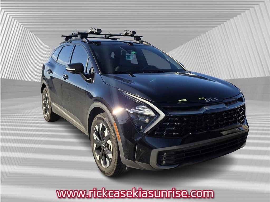 Recent Arrival! Priced below KBB Fair Purchase Price! CARFAX One-Owner. Clean CARFAX. 150 Point Inspection, iPod Connector, Leather, Navigation, Panoramic Roof, BACK UP CAMERA, Unlimited Car Wash, Rick Case Rewards, 4-Wheel Disc Brakes, 6 Speakers, ABS brakes, AM/FM radio: SiriusXM, Apple CarPlay & Android Auto, Automatic temperature control, Driver vanity mirror, Dual front impact airbags, Dual front side impact airbags, Emergency communication system, Front anti-roll bar, Front dual zone A/C, LED Interior Lighting, Low tire pressure warning, Navigation System, Occupant sensing airbag, Overhead airbag, Panoramic Sunroof, Passenger vanity mirror, Power driver seat, Power steering, Premium Leatherette Seat Trim, Rear anti-roll bar, Rear window defroster, Remote keyless entry, Smart Power Liftgate, Steering wheel mounted audio controls, Tachometer, Telescoping steering wheel, Tilt steering wheel, Trip computer, Wheels: 19" Gloss Black Alloy, X-Line Premium Package. Certified. Ebony Black 2023 Kia Sportage X-Line AWD 8-Speed Automatic I4 Kia Certified Pre-Owned Details:
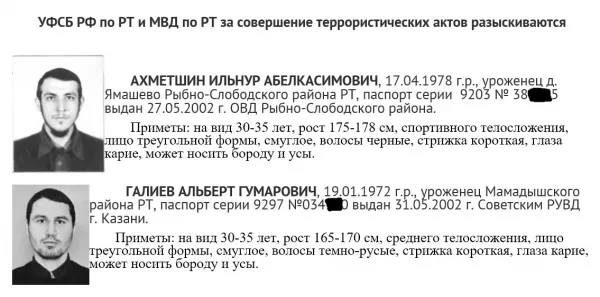 Как сообщает ведомство, в группу входили также жители Татарстана Вильсур Хайруллин, Рауф Зиннуров, Ильнур Ахметшин и снабжавшие группу оружием жители Чеченской Республики Сайд-Мохмад Дангаев и Лема Атуев.
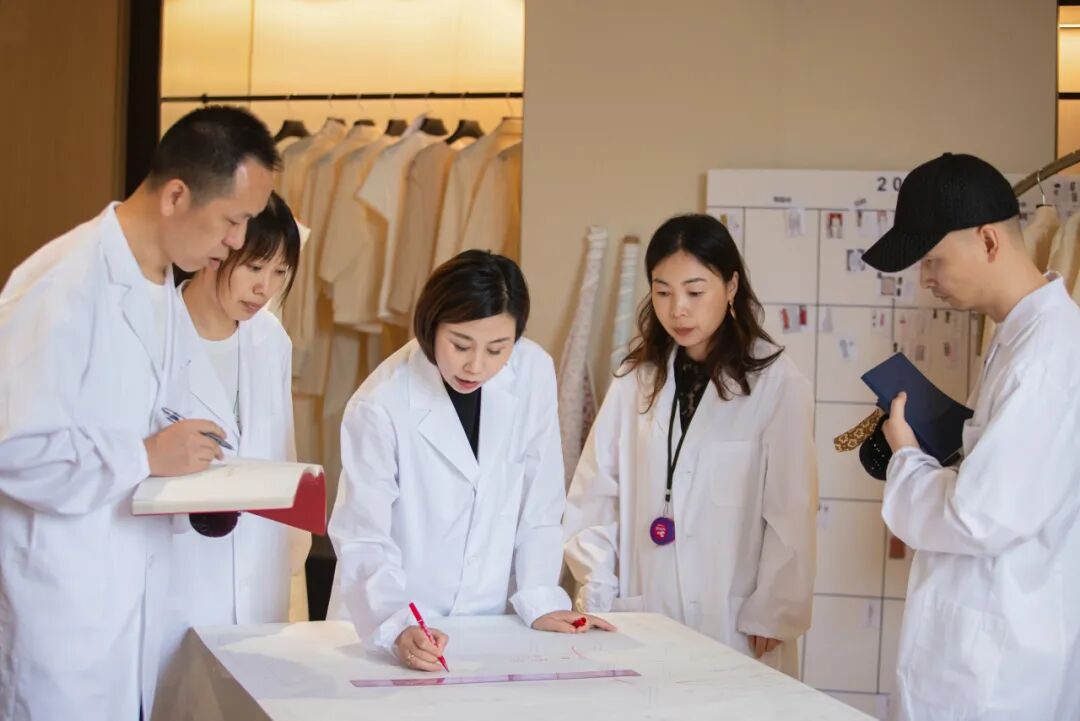 “衣服里有个人,得先尊重穿它的人。”这句话是张利华总挂在嘴边的。为了摸透衣服的“脾性”,她养成了试衣的习惯。特别是在大批量生产前,她都会亲自上阵,体验每件衣服在生活场景中可能发生的动作,比如不同高低的座椅、模拟开车、伏案办公等。一次试衣时,张利华发现在站着的时候很完美,但是当坐下时,衩开得就偏高了,不是很优雅。从此,“体感测试”成了张利华团队研发铁律,哪怕是最细微的褶皱、最隐蔽的分割,都逃不过她的“火眼金睛”。
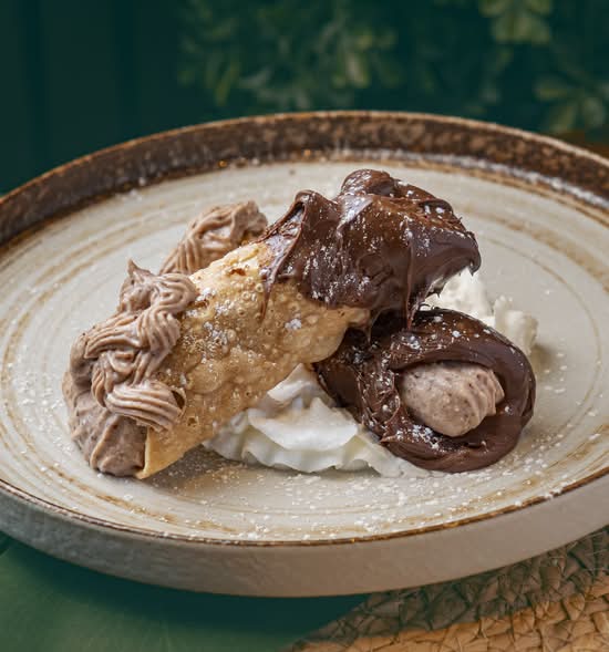 Crispy puff pastry filled with Nutella chocolate cream and whipped cream, dusted with powdered sugar. Crujiente hojaldre relleno de crema de chocolate Nutella y chantillí, con lluvia de azúcar pulverizada.
■ ■ ■ ■ ■
**Exercise instructions:**
Drop the pictures, then repeat the material word for word.

**Task response:**
 Recent Arrival! Priced below KBB Fair Purchase Price! CARFAX One-Owner. Clean CARFAX. 150 Point Inspection, iPod Connector, Leather, Navigation, Panoramic Roof, BACK UP CAMERA, Unlimited Car Wash, Rick Case Rewards, 4-Wheel Disc Brakes, 6 Speakers, ABS brakes, AM/FM radio: SiriusXM, Apple CarPlay & Android Auto, Automatic temperature control, Driver vanity mirror, Dual front impact airbags, Dual front side impact airbags, Emergency communication system, Front anti-roll bar, Front dual zone A/C, LED Interior Lighting, Low tire pressure warning, Navigation System, Occupant sensing airbag, Overhead airbag, Panoramic Sunroof, Passenger vanity mirror, Power driver seat, Power steering, Premium Leatherette Seat Trim, Rear anti-roll bar, Rear window defroster, Remote keyless entry, Smart Power Liftgate, Steering wheel mounted audio controls, Tachometer, Telescoping steering wheel, Tilt steering wheel, Trip computer, Wheels: 19" Gloss Black Alloy, X-Line Premium Package. Certified. Ebony Black 2023 Kia Sportage X-Line AWD 8-Speed Automatic I4 Kia Certified Pre-Owned Details:
 Как сообщает ведомство, в группу входили также жители Татарстана Вильсур Хайруллин, Рауф Зиннуров, Ильнур Ахметшин и снабжавшие группу оружием жители Чеченской Республики Сайд-Мохмад Дангаев и Лема Атуев.
 “衣服里有个人,得先尊重穿它的人。”这句话是张利华总挂在嘴边的。为了摸透衣服的“脾性”,她养成了试衣的习惯。特别是在大批量生产前,她都会亲自上阵,体验每件衣服在生活场景中可能发生的动作,比如不同高低的座椅、模拟开车、伏案办公等。一次试衣时,张利华发现在站着的时候很完美,但是当坐下时,衩开得就偏高了,不是很优雅。从此,“体感测试”成了张利华团队研发铁律,哪怕是最细微的褶皱、最隐蔽的分割,都逃不过她的“火眼金睛”。
 Crispy puff pastry filled with Nutella chocolate cream and whipped cream, dusted with powdered sugar. Crujiente hojaldre relleno de crema de chocolate Nutella y chantillí, con lluvia de azúcar pulverizada.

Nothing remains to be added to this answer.